セニョール マイク
曇天ばかりのリマをあとにして、セスナ機で南へ400キロ。
海岸砂漠地帯にあるナスカに着く。ここにはあの有名な地上絵がある。セスナ機を降りたとき真っ先に感じたのは、強い日差しと真っ青な空だった。リマとは対照的な気候である。 ここナスカは綿花の栽培で成り立つ小さな町に過ぎない。ほぼ町の中央を、パンアメリカンハイウエーが突き抜けているだけで活気のある町とはいえない。ところがこの町には小さいとはいえ航空会社がある。エアロコンドルというセスナ機を持つ航空会社である。これはひとえにこの町がナスカの地上絵で有名だからだ。

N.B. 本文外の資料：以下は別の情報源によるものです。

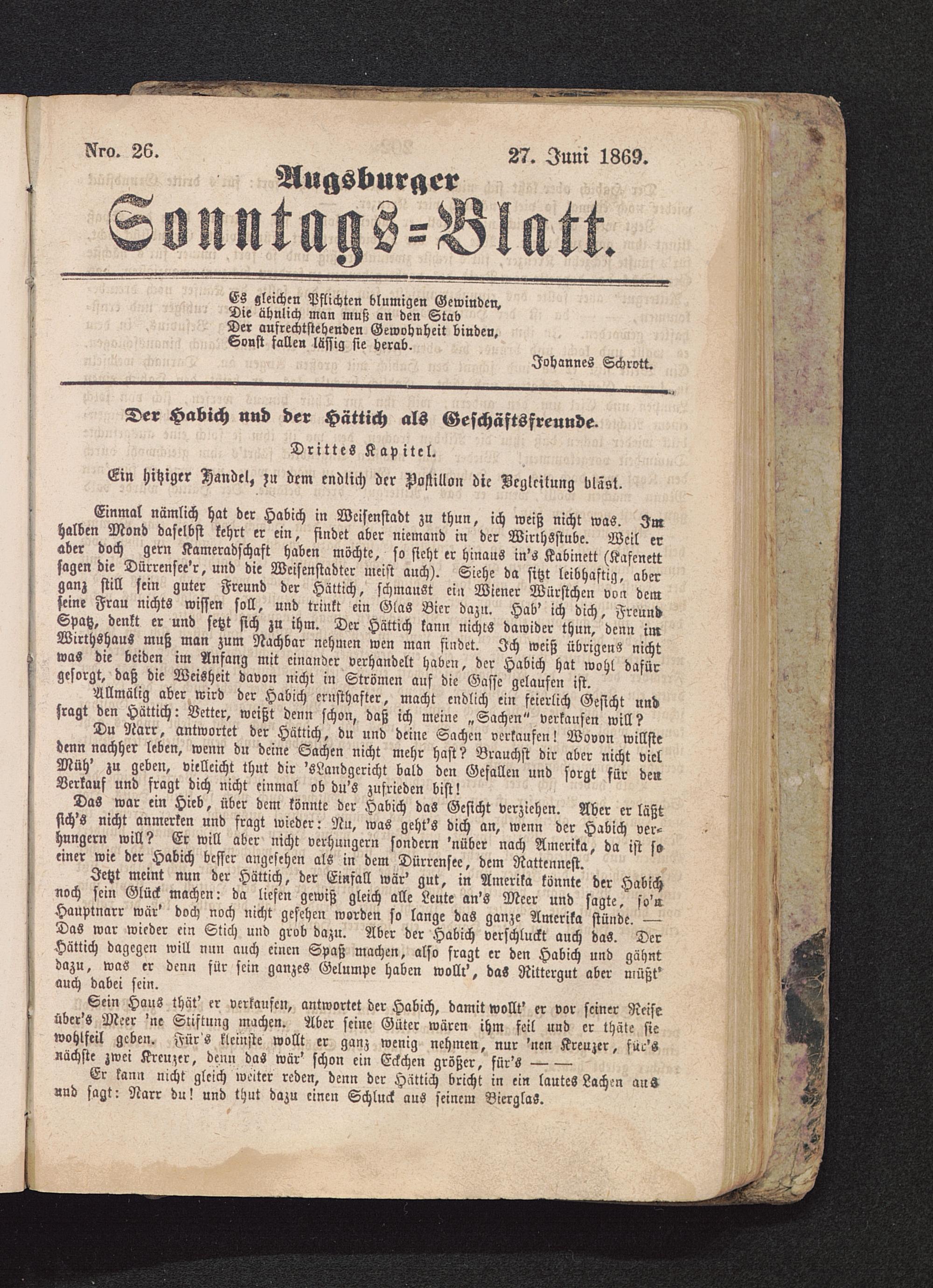 Du Narr, antwortet der Hättich, du und deine Sachen verkaufen! Wovon willstedenn nachher leben, wenn du deine Sachen nicht mehr hast? Brauchst dir aber nicht vielMüh' zu geben, vielleicht thut dir 'sLandgcricht bald den Gefallen und sorgt für denVerkauf und fragt dich nicht einmal ob du's zufrieden bist!

「昼食はフライトの後にしましょう。」と言ったのは、ナスカで私達を待ちかまえてくれたピカソである。ピカソはアフリカ出身だといっていたがほんとうかうそかはよくわからない。私達は実はかなりの空腹で、先に昼食をとりたかった。だがそのことをピカソに言うと、
「よしたほうがいい。」
そうきっぱりと言われてしまった。ピカソは片言の英語しかしゃべれず、あとはスペイン語しか通じない。理由が今ひとつわからない。 なんだか納得しきれないままに、ジュースを一杯だけ飲んで、セスナで地上絵の遊覧飛行をすることになった。 いざ飛行機が飛び立とうと飛行場を滑走しはじめて改めて気が付いたのだが、なんとただの石ころだらけの飛行場。飛行機はけたたましい音と土ぼこりをあげて飛び上がったわけである。機内の中も飛行場に劣らず凄い。シートベルトは、締めようとしても締まらない。飛行機のメーターもなぜか動かないものがさくさんある。
(だいじょうぶなのだろうか)
パイロットの名前はマイク。名前は英語風だが地元出身である。飛行機からナスカを見おろすとほんとうに水のない土地だなあと思う。ペルーの砂漠はよくいう砂の砂漠ではない。土と岩の砕けたものであって水さえ引いてくれば豊かな緑の土地となる。 マイクは地上絵が見えてくると前もって教えてくれる。まず地上絵がよく見えるように飛行機を傾け、ある程度地上に近づきつつ、いきなり後ろを向きにっと笑い片手を離し地上絵を指さして、
「あれがさる、はちどり、コンドル、ウズマキ、」
さらにマイクはもう一度逆旋回して反対側に座っている人にも同じことをしてくれるのである。とても親切なのだが、なにしろスリルを超えて恐怖のフライトであった。 このマイクの飛行で私達はなるほどと納得した。ピカソが昼食を後にしようといったわけを。ナスカの名物にぜひ、あのマイクの「にっと笑った顔」を入れておきたいと思った。